Luigi Lazzarini era stato minacciato dalla bazzi: «se non sposti l'auto le do fuoco»
«La Castagna terrorizzata dai Romano»
Parla un vicino: «Nell'ultimo periodo Raffaella era terrorizzata dall'idea di litigare con Rosa e Olindo»
Como - Le liti condominiali nella corte teatro della strage di Erba sono state ripercorse da alcuni vicini dei coniugi Olindo Romano e Rosa Bazzi, nel corso dell'udienza di oggi per la strage di Erba.
«Raffaella Castagna era terrorizzata». Così Luigi Lazzarini ricostruisce i rapporti tra la famiglia Castagna e i coniugi Romano accusati della strage.
La testimonianza - Nell'aula al piano terra del tribunale di Como dove è in corso il processo per il quadruplice omicidio, uno degli abitanti della corte di via Diaz, 25 racconta i rapporti tra vicini. «Nell'ultimo periodo - spiega Lazzarini - Raffaella continuava a ripetere al piccolo Youssef di stare attento, di non fare rumore, era terrorizzata dall'idea di litigare con i coniugi Romano». Un rapporto tra vicini non idilliaco. [...]
La sera del delitto - Quanto alla sera dell'11 dicembre 2006 in cui morirono Raffaella Castagna, suo figlio, sua madre e una vicina di casa, Lazzarini ricorda l'assenza dei coniugi Romano. «Stranamente quel lunedì -sottolinea- non c'era la macchina di Romano.
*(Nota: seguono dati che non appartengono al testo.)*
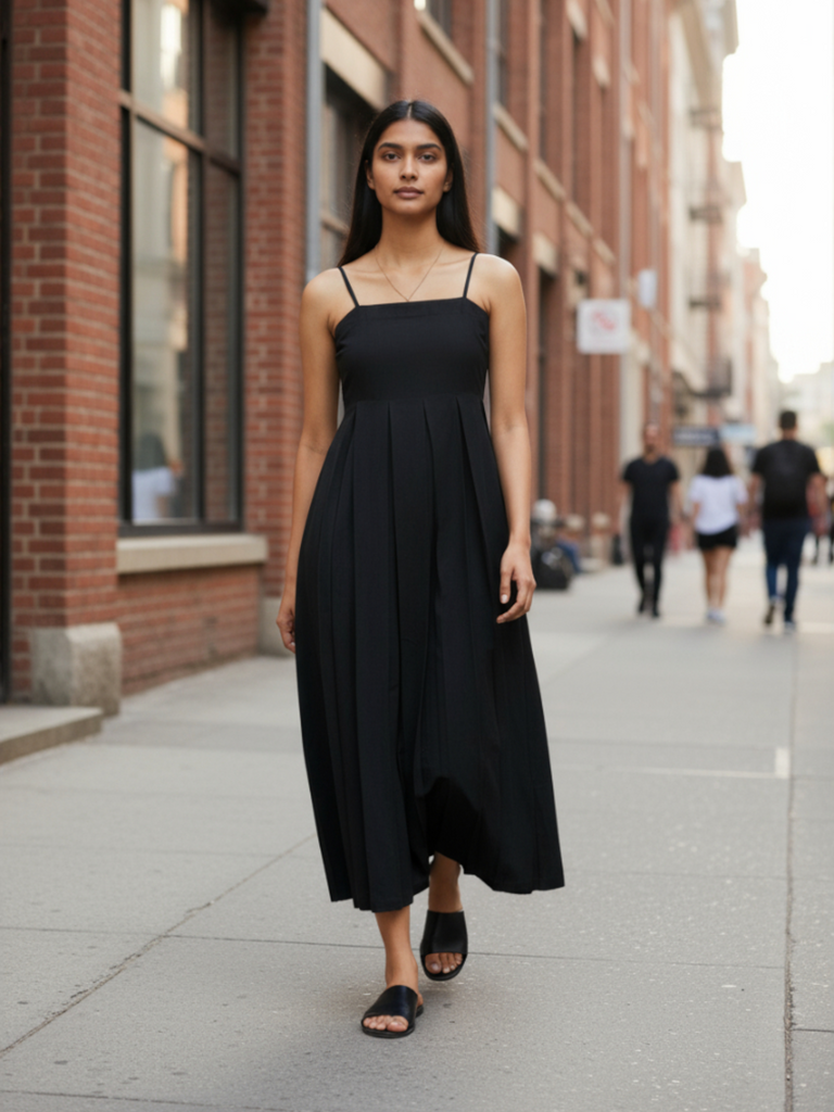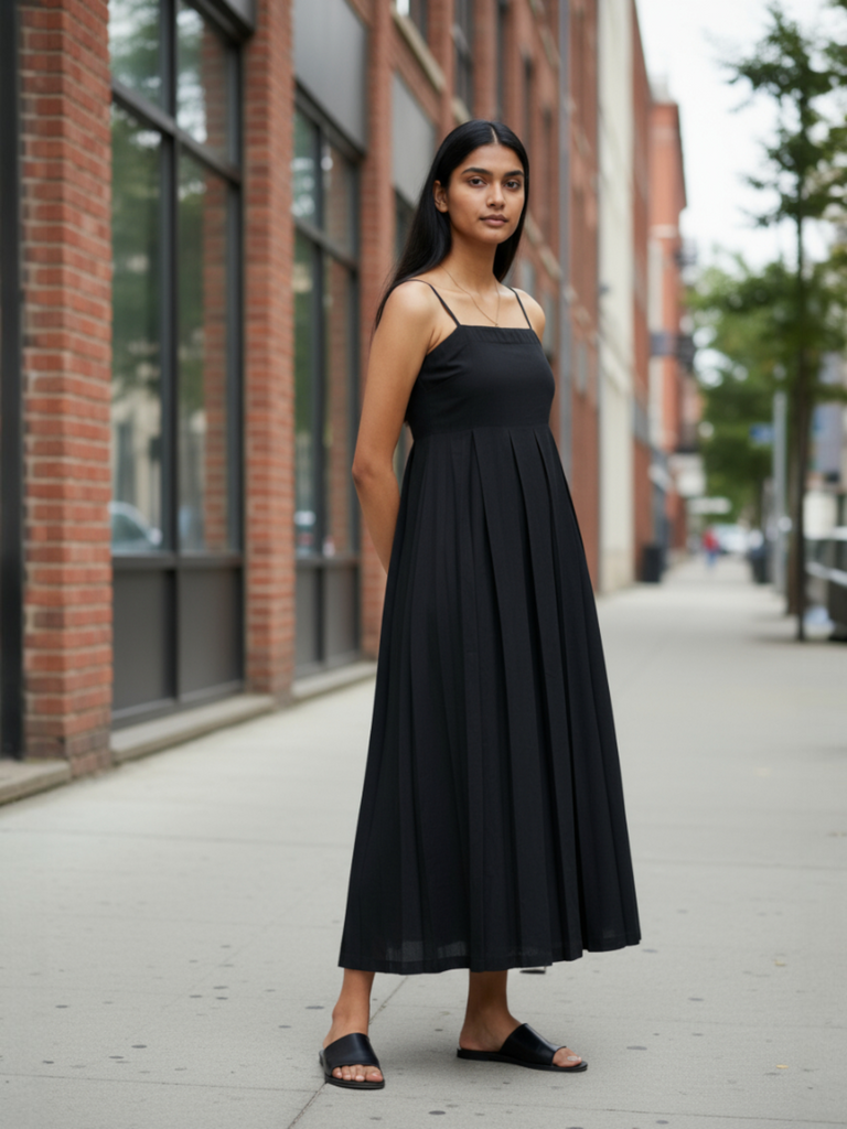 Make a statement in the classic and sophisticated Pia Dress. This midi dress features a strap style and wide box pleats, offering a comfortable and flattering fit. Crafted in a handwoven cotton fabric, the Pia Dress is both stylish and sustainable. So why wait? Add this must-have dress to your wardrobe today and enjoy effortless style that's both comfortable and sustainable.

Ero sorpreso e ho pensato, strano non ci sono quei rompi c...». [...]
La difesa - La difesa dei due imputati sembra invece intenzionata a voler dimostrare che il giorno del delitto, all’interno dell’abitazione di Raffaella Castagna c’era un estraneo prima del suo arrivo. «Pare che ci sia un testimone - ha detto il difensore Enzo Pacia riferendosi al siriano vicino di casa della vittima Abdul Karim Khaloudf - che dice che c’era rumore dall’appartamento di Raffaella Castagna quando lei non c’era. Traete voi le conclusioni. Forse si comincia a capire che qualcosa da chiarire c’è, io non giudico». «Contraddizioni oggi ce ne sono» ha continuato l’avvocato. In particolare se il siriano ha detto di non avere prestato il proprio cellulare come riferito da un altro testimone potrebbe, secondo la difesa, aprirsi la possibilità di un terzo uomo, ma «le conclusioni - ha concluso Pacia - le lascio a voi».